NORB is a 3D object image recognition dataset. This database is used for experiments on 3D object re-localization from shape. Images were captured for 50 toy models across 5 major categories (four-legged animals, human figures, airplanes, trucks, cars) from different viewpoints. Two cameras were used, with 6 different lighting conditions, 9 elevation angles (30 to 70 degrees in 5-degree increments) and 18 azimuth angles (0 to 340 degrees in 20-degree increments). The training set includes 5 instances per category, while the remaining 5 instances form the test set. The datasets are provided as gzip-compressed files for download. After decompression, they use a simple binary matrix format with the file suffix ".mat". The file format is described in detail in the following sections.

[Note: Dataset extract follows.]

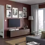 Чтобы подчеркнуть современный и лаконичный стиль интерьера, тумбу под ТВ БЕСТО можно закрепить на стене.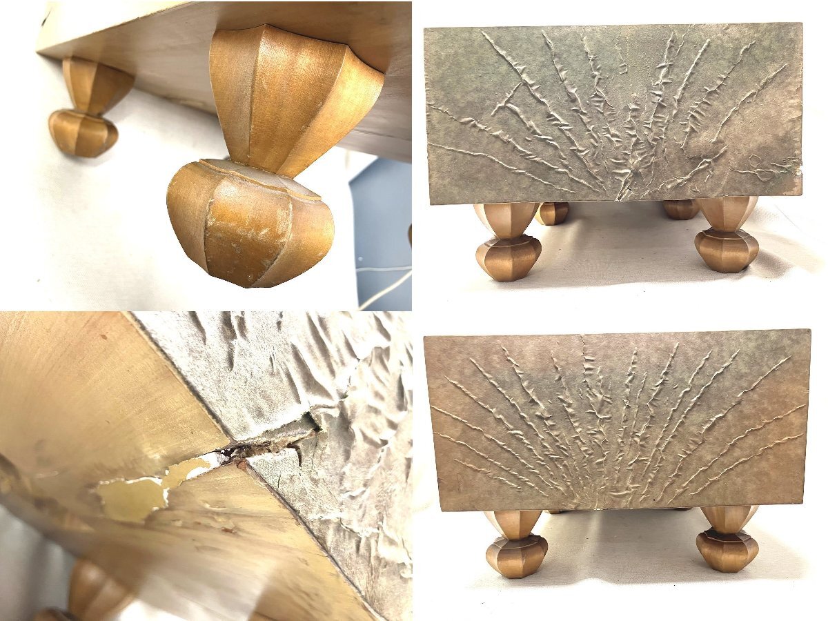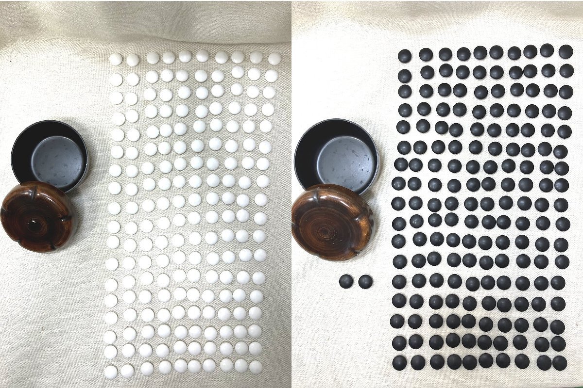 | ■■商品詳細■■ メーカー : 不明 サイズ : (約)幅43.2 奥行47 高さ31 (cm) 重量 : (約)21kg 碁石 : 厚さ約9mm (白) 180個 (黒) 172個 ※サイズはメジャーでの採寸となります。多少の誤差はご了承下さい。 ※掲載写真は蛍光灯等の光の反射により、多少色の違いがある場合が御座います。 【商品説明】 こちらの商品は”中古品”で御座います。 ◆商品状態 ・・・全体的に傷があり、使用感がございます。 側面に和紙のようなものが貼り付けられております。 裏面に亀裂部分があり、修復履歴がございます。 詳細は画像にてご確認くださいませ。 年代物である旨ご了承・ご納得の上、ご入札をお願いいたします。 ☆店頭でのお引取り大歓迎☆ 別途:この他にも“色々”出品しています 【ここクリック】でご覧下さいませ。 | ||

The "-dat" files store image sequences. The "-cat" files store the corresponding image category labels. Each "-dat" file contains 29,160 image pairs (6 categories, 5 instances, 6 lighting conditions, 9 elevations and 18 azimuths). The 6th category corresponds to images without any objects, which can be used to train systems to reject non-object images instead of the 5 object categories. Each corresponding "-cat" file contains 29,160 category labels (0 for animal, 1 for human, 2 for airplane, 3 for truck, 4 for car, 5 for background/empty).

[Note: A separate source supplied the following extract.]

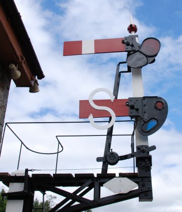 | I am also using an "S" signal which I first saw at Buckfastleigh South Devon Railway to indicate a siding and it was quite common in the early years for junction signals to have 'indexed' arms to make it quite clear to the driver that they were going into siding. |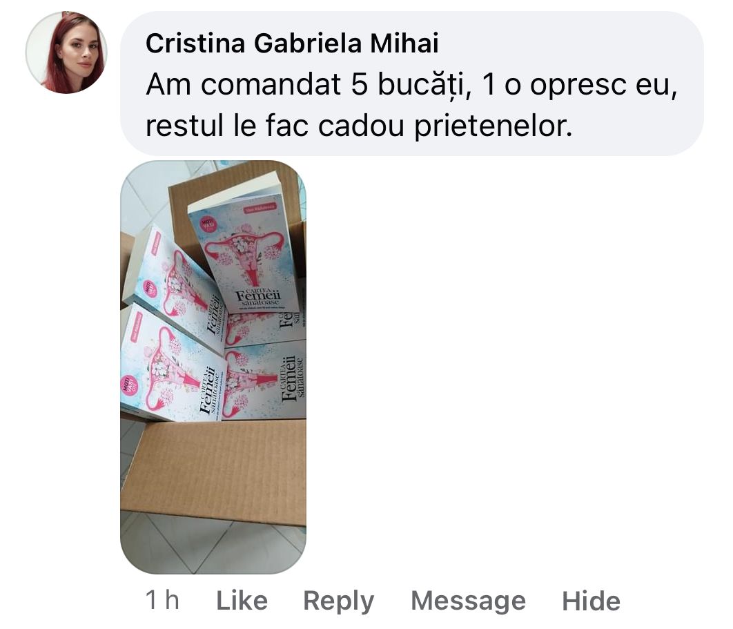 Cartea e gândită și scrisă special ca să fie accesibilă tuturor, cu explicații, cazuri, povești, statistici cât mai blând așezate în pagini. O cititoare a spus că e ca o biblie de sănătate pentru orice femeie, așadar ar fi bine să se găsească în orice familie. Nu pot decât să fiu de acord.

Each "-info" file stores 29,160 10-dimensional vectors containing additional information about the corresponding images. The first 4 elements of each vector are:
1. Instance index within the category (0 to 9)
2. Elevation index (0 to 8, corresponding to camera elevations of 30, 35, 40, 45, 50, 55, 60, 65, 70 degrees relative to the horizontal plane)

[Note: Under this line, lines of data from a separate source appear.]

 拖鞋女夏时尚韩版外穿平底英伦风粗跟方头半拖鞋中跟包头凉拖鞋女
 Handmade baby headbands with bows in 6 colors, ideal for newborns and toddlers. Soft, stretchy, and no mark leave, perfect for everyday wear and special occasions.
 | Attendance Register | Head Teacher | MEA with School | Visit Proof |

3. Azimuth index (0, 2, 4, ..., 34, multiplied by 10 to get the actual azimuth angle)
4. Lighting condition index (0 to 5)
The remaining 6 elements describe perturbations applied to the object when it is overlaid on a cluttered background (see the next section).
For standard training and testing, the "-dat" and "-cat" files are sufficient. The "-info" files are provided if other forms of classification or preprocessing are required.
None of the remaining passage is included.